*Task brief*. Write the full listing out again, word for word, but omit the pictures.
___ Data provided
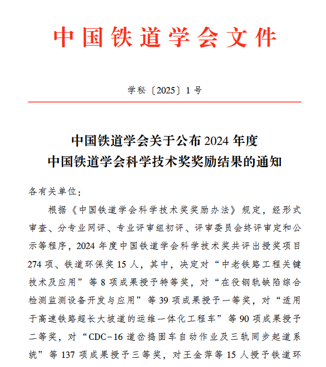 Established in 2002, the China Railway Society Science and Technology Award aims to recognize entities and individuals who have made outstanding contributions in scientific and technological activities in the railway industry. It seeks to motivate science and technology workers, enhance the capacity for railway technological innovation, and accelerate the modernization of railway infrastructure. As the most influential and authoritative award in the railway sector, it bears witness to the industry’s pursuit of excellence and its commitment to pioneering advancements. Furthermore, this prestigious award stands as a monument to the spirit of railway scientists and engineers who dare to scale new heights and lead the way in technological progress.
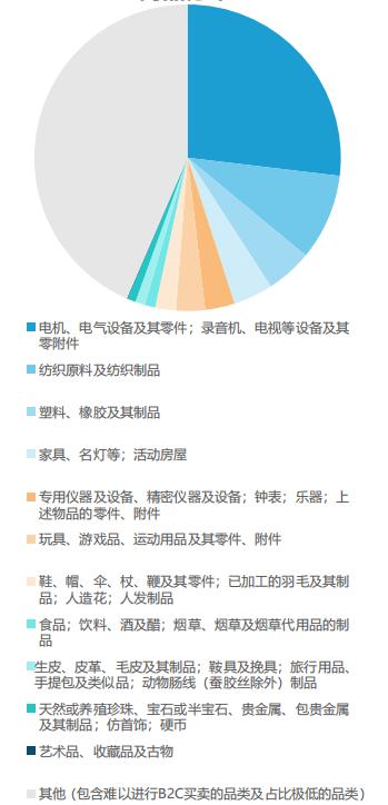 從中國出口商品品類分布及跨境電商B2C企業(yè)售賣品類分布得到,跨境電商出口商品主要集中于服裝鞋帽、數(shù)碼3C、家具家居、運動戶外、美妝、手工園藝等也擁有較高的出口。
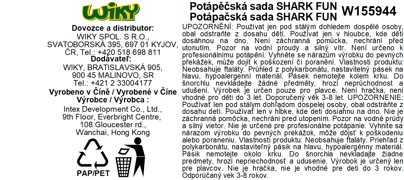 Dětský potápěčský set Shark. Balení obsahuje šnorchl a brýle.Parametry produktu
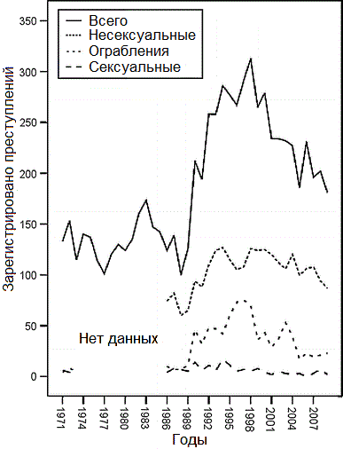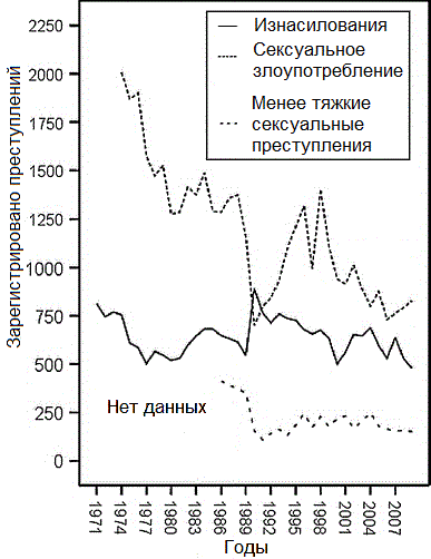 Рис. 1 Количество изнасилований, сексуальных злоупотреблений детьми и менее тяжких сексуальных преступлений (напр. "непристойного обнажения"), зарегистрированных в 1971-2009 годах. До 1986 г. данные о менее тяжких сексуальных преступлениях не сохранялись. Данные о сексуальных злоупотреблениях детьми за 1971-1973 гг. не доступны.
______
*Response below*.
 Established in 2002, the China Railway Society Science and Technology Award aims to recognize entities and individuals who have made outstanding contributions in scientific and technological activities in the railway industry. It seeks to motivate science and technology workers, enhance the capacity for railway technological innovation, and accelerate the modernization of railway infrastructure. As the most influential and authoritative award in the railway sector, it bears witness to the industry’s pursuit of excellence and its commitment to pioneering advancements. Furthermore, this prestigious award stands as a monument to the spirit of railway scientists and engineers who dare to scale new heights and lead the way in technological progress.
 從中國出口商品品類分布及跨境電商B2C企業(yè)售賣品類分布得到,跨境電商出口商品主要集中于服裝鞋帽、數(shù)碼3C、家具家居、運動戶外、美妝、手工園藝等也擁有較高的出口。
 Dětský potápěčský set Shark. Balení obsahuje šnorchl a brýle.Parametry produktu
 Рис. 1 Количество изнасилований, сексуальных злоупотреблений детьми и менее тяжких сексуальных преступлений (напр. "непристойного обнажения"), зарегистрированных в 1971-2009 годах. До 1986 г. данные о менее тяжких сексуальных преступлениях не сохранялись. Данные о сексуальных злоупотреблениях детьми за 1971-1973 гг. не доступны.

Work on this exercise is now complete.